*Exercise*:
None of the pictures should appear; the lines from the line containing "2020年5月25日下午,《" through the last line of the listing must be repeated exactly.

*Dataset extract*:
=== Section Start ===

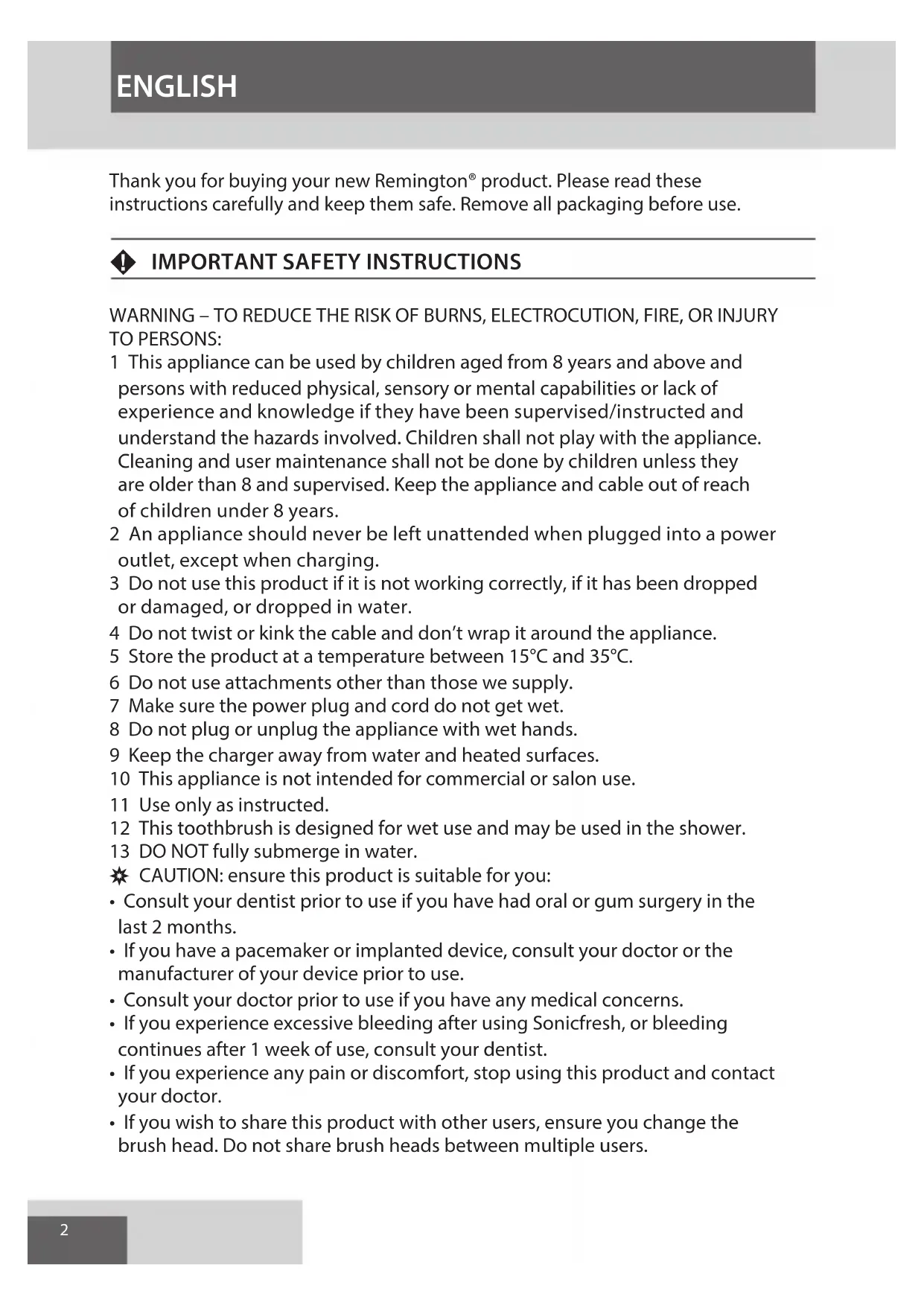 WARNING – TO REDUCE THE RISK OF BURNS, ELECTROCUTION, FIRE, OR INJURY TO PERSONS: 1 This appliance can be used by children aged from 8 years and above and persons with reduced physical, sensory or mental capabilities or lack of experience and knowledge if they have been supervised/instructed and understand the hazards involved. Children shall not play with the appliance. Cleaning and user maintenance shall not be done by children unless they are older than 8 and supervised. Keep the appliance and cable out of reach of children under 8 years. 2 An appliance should never be left unattended when plugged into a power outlet, except when charging. 3 Do not use this product if it is not working correctly, if it has been dropped or damaged, or dropped in water. 4 Do not twist or kink the cable and don’t wrap it around the appliance. 5 Store the product at a temperature between 15°C and 35°C. 6 Do not use attachments other than those we supply. 7 Make sure the power plug and cord do not get wet. 8 Do not plug or unplug the appliance with wet hands. 9 Keep the charger away from water and heated surfaces. 10 This appliance is not intended for commercial or salon use. 11 Use only as instructed. 12 This toothbrush is designed for wet use and may be used in the shower. 13 DO NOT fully submerge in water. , CAUTION: ensure this product is suitable for you:
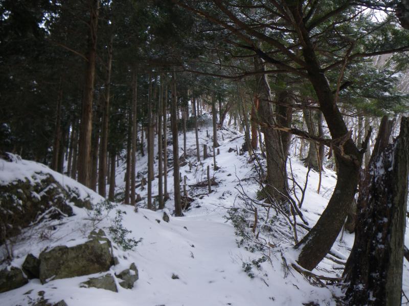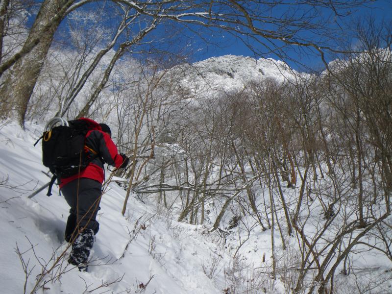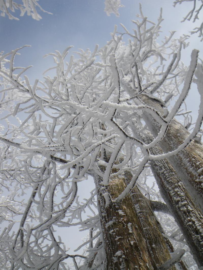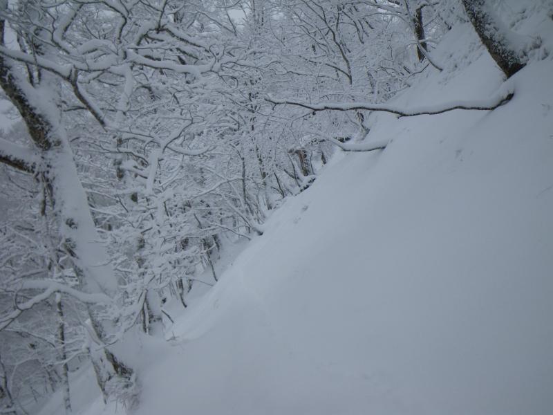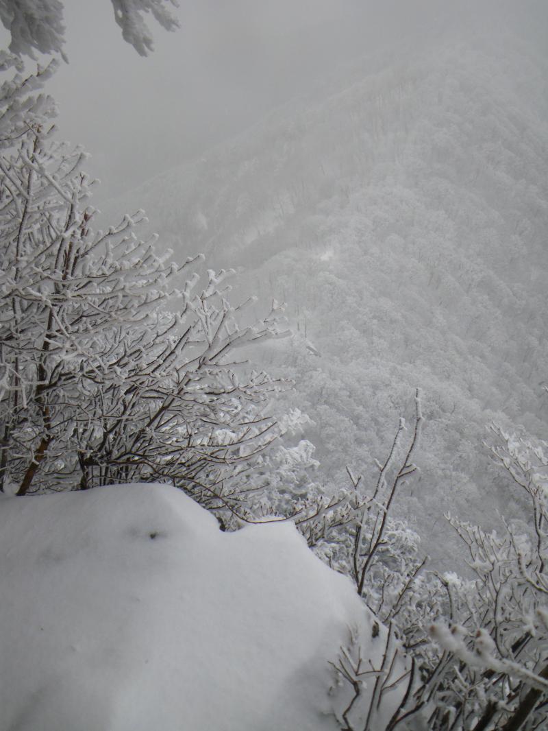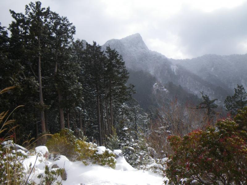 行者還岳(ぎょうじゃかえりだけ・1546m)は大峰主稜線上にあり、関西百名山の一つでその険しい山容により、役行者をして一度は引き返させたという伝承から名前の由来。夏の行者還岳なら国道309号で行者還トンネルから取り付けば苦労しないですが、冬は通行止になるのでそうはいきません。今回は大川口からダイレクトに目指しました。旧関電道を使い、最短で頂上へ上がる道は大川口の吊橋が破損している為に川追川を渡渉するのが最大の難関でしたが、うまくジャンプでかわして、尾根に取り付けました。今日は昨日の新雪のおかげで大川口から雪の道になり快適そのものでした。この旧関電道は1250m付近でトラバースして行者還岳を右から巻いていきますが、私達はそのマーキングを見失い、そのまま尾根を進んで、行者還岳の東側の尾根から頂上に出ましたが、こちらにもマーキングがあり、嫌な冬のトラバースをするよりはこちらのほうがいいのかもしれません。頂上付近は展望はないですが霧氷・樹氷の宝庫、また頂上自体は風裏になるので絶好の休憩所ですが、きれいな行者還岳避難小屋はもっと快適で、ここで泊まってみたい気分になります。帰りは小坪谷コースから下りましたが、夏場は崩壊していて、やらしいトラバースがあるも、雪が覆ってくれると関係がなくなり、あっという間に下山できました。しかし、凍結していれば恐ろしいとトラバースになるのだろうと予想ができます。今日のような新雪がかぶった登山道ではあえてアイゼンは付けずに歩いたほうが正解ですが、下に岩なのか木の枝があるかわからない状態ではもう少しだけ雪があるともっと快適だったろうに思います。
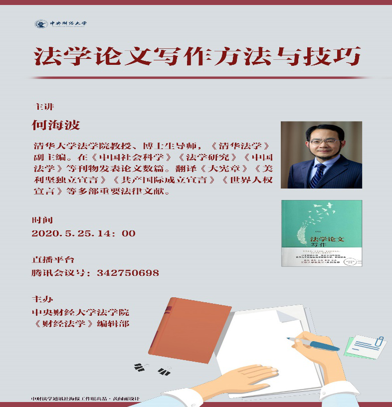 2020年5月25日下午,《清华法学》副主编、清华大学beat365何海波教授为beat365师生带来了战“疫”期间的线上讲座:法学论文写作方法与技巧。本校师生以及校外听众共计300人,通过腾讯会议共同学习探讨法学论文写作方法。本次讲座由《财经法学》副主编、beat365刘权副教授担任主持人。
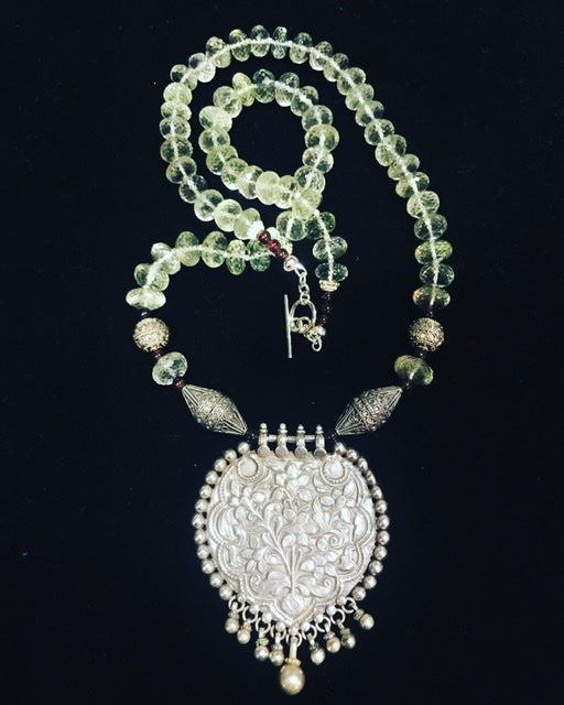 Silver pendant from India with silver beads and faceted green amethyst beads.

=== Section End ===

*Reply to the exercise*:
 2020年5月25日下午,《清华法学》副主编、清华大学beat365何海波教授为beat365师生带来了战“疫”期间的线上讲座:法学论文写作方法与技巧。本校师生以及校外听众共计300人,通过腾讯会议共同学习探讨法学论文写作方法。本次讲座由《财经法学》副主编、beat365刘权副教授担任主持人。
 Silver pendant from India with silver beads and faceted green amethyst beads.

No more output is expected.